● **Problem details**
The required result is one figure, the count of lines below with the string "hrad" in them.

----- Supplied material -----

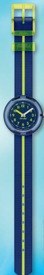
YELLOW BAND ZFPNP023
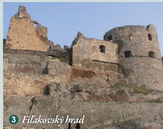
3 Filakovský hrad

Národná prírodná rezervácia Pohanský hrad, Národná prírodná rezervácia Ragač, Prírodná rezervácia Hajnáčsky hradný vrch, Prírodná rezervácia Steblová skala, Prírodná pamiatka Soví hrad a mnohé ďalšie geologické, prírodné a kultúrno-historické lokality.
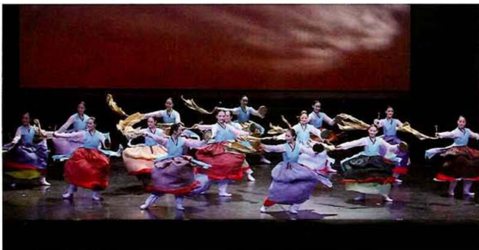
【平和】 韓国の伝統舞踊 (韓国江原道)

-----

● **Task response**
2